Just out of Reach: The Cost of Help

hand-reaching-out

For many treatment is just out of reach

There seems to be this ongoing idea that mental health services are readily available to all those who need it. This idea is sadly untrue. It shouldn’t be but it is the reality. The damaging effect of this concept is the portrayal of those with mental illness as not really wanting the help. If I had a penny for every time I heard, “Well, if they really needed the help, they could get it.”, I would be rich and then I could easily get the help I needed. Mental health treatment can be costly, even with insurance.

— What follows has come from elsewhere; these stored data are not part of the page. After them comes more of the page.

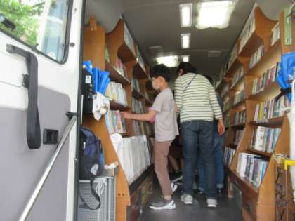 一か月に1回移動図書館「こじか号」がやってきます。毎月,本を探し,本を借りています。6月のこじか号でも,本を選び,借りました。こじか号の方にしっかりあいさつをしました。読みたい本をじっくり選びました。自分で選んだ本を読んで,読書を楽しみたいと思います。
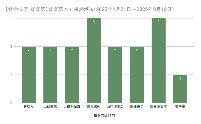 ゲーム #刀剣乱舞 #記録 最終ボス17回撃破して長義くん0振り。 18回目撃破がギリギリ行けそうだったので粘ってみたら、ギリギリ1マス足りなくて目前で撤退する羽目になったよ。 【特命調査 聚楽第】聚楽第本丸最終ボス(2025年1月21日~2025年2月12日)の集計
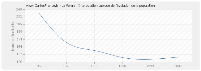 Cette courbe reprend l'historique de la population de La Voivre de 1968 à 2007 en interpolation cubique. Ceci permet d'obtenir plus précisément la population de la commune de La Voivre les années ou aucun recensement n'a été effectué.
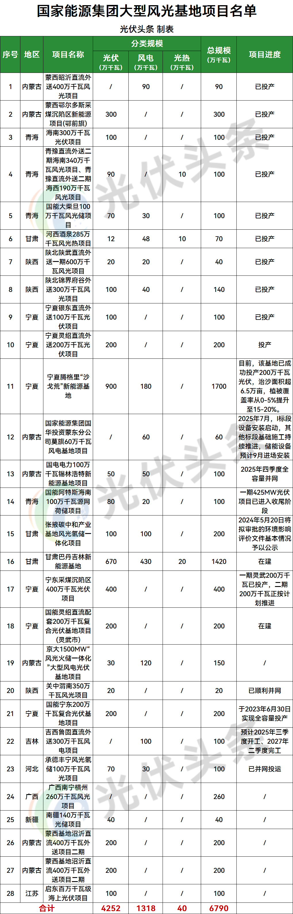 光伏头条根据公开信息梳理,国家能源集团拥有风光大基地项目28个,规模合计67.9GW,主要位于甘肃、广西、河北、吉林、江苏、内蒙古、宁夏、青海、陕西、新疆等地。其中,光伏42.52GW,风电13.18GW,光热400MW。

A couple of weeks ago, I decided that I needed to seek help. Now, my husband and I both work making decent money. We aren’t rich, but we just eek into the middle class bracket. I have decent insurance from my husband’s company. So when I called to set up an appointment, I was not expecting the dent in my wallet that came with it. You see with the insurance I have my appointments are not covered until I meet my deductible. Our current deductible is $1,500 per member or $2,500 for the family whichever comes first. For the average American family, that is a huge amount over money with my family being no exception.

So, since I had not yet met my deductible, this means I have to pay out-of-pocket. For my intake appointment alone, it was $125. For every appointment thereafter if will be $68.50. Based on where my deductible is at now, it will take me 4 appointments to reach it. However, by the time we reach that it will be a new year and I will be back at square one. This is just for sessions with the therapist. This does not include common treatment expenses such as:

  • Medications
  • A session with the psychiatrist
  • Childcare
  • Regular bloodwork which, depending on the medication is every 3-6 months
  • Transportation (I have my own car, but not everyone does)

Now, I understand that some of these things fall under a different part of my coverage, but there is still a cost until my deductible is met.  Something also to consider is, not everyone has insurance, they may have a higher deductible, or there may not be a practice that takes their particular insurance. While there may be some who qualify for some kind of medical assistance, I do not because we make too much. We fall into that hole of not making enough to cover it, but too much to get assistance.

This is a shame. It is not that because I don’t qualify for medical assistance. I understand it is for low-income families who need it because of various reasons. However, my going to therapy is not a luxury.  This isn’t like plastic surgery or getting my nails done. This is a medical necessity. I NEED the help. I NEED this medication to function. I NEED the therapy so I can be a productive person.  I often think that the stigma that mental illness is not real is what keeps so many of us from getting the help we need. If treatment for mental illness was accessible as it is perceived to be, more of us would seek it.

Advertisements

The White Flag

whitteflag

It is official.  I am going back to therapy. I will be honest. It has been a long time coming. I have been putting it off for much too long. I let myself fall too far down the rabbit hole. I faked it my best until I couldn’t make it anymore. However, I missed myself. I missed the person I used to be before my bipolar disorder swallowed me whole. No matter how much I fought, it just refused to spit me out.

To be honest, I don’t know why I put it off so long. I think I was really in this strong denial that I was ok without it. I believed that I was the Queen of Coping Skills. What I really was was the Queen of BS. It was a big part why I didn’t go back. I put this amazing image of being able to cope without therapy and MEDs, I didn’t know what to do when it fell apart. I was ashamed. I felt like a sham. It is why I stopped writing. Who was I to help people when I couldn’t get my shit together. Then depression kind of took over like it always does. I gave up. I gave up on myself.

I was overcome with shame. I shouldn’t have been. I have nothing to be ashamed of. I am no less of a person because of what I have. And then absolutely no shame in getting help. It is not a weakness to say you can’t do it on your own anymore. It takes great strength to be brave enough to ask. Therapy has never been easy for me. I dislike speaking of my past. I don’t want to reminisce about certain events in my life.  I need to get them out because they are still chewing at my soul. I feel like a husk floating through day to day. This is not how I imagined my life, nor how I want to be remembered. I want to live not merely survive.

Most of all, I want to be the woman I fought so hard to be. Becoming the person, I am now being came from years of struggles and growing. I am not ready to let her go. I have come to finally love her as she is. I know I am going to continue to grow and change, but I refuse to start over. I am going to do what I can best think of to save her. Therapy is the answer. Medication is my life preserver.

I miss being happy. I miss being able to hear the thoughts in my head. I miss enjoying everything. My children. My husband. Roller Derby. My job. The sun shining on my face. The small things. I miss being able to focus enough to write. I miss the blogging community. Everything. So tomorrow, I go to fight for it back.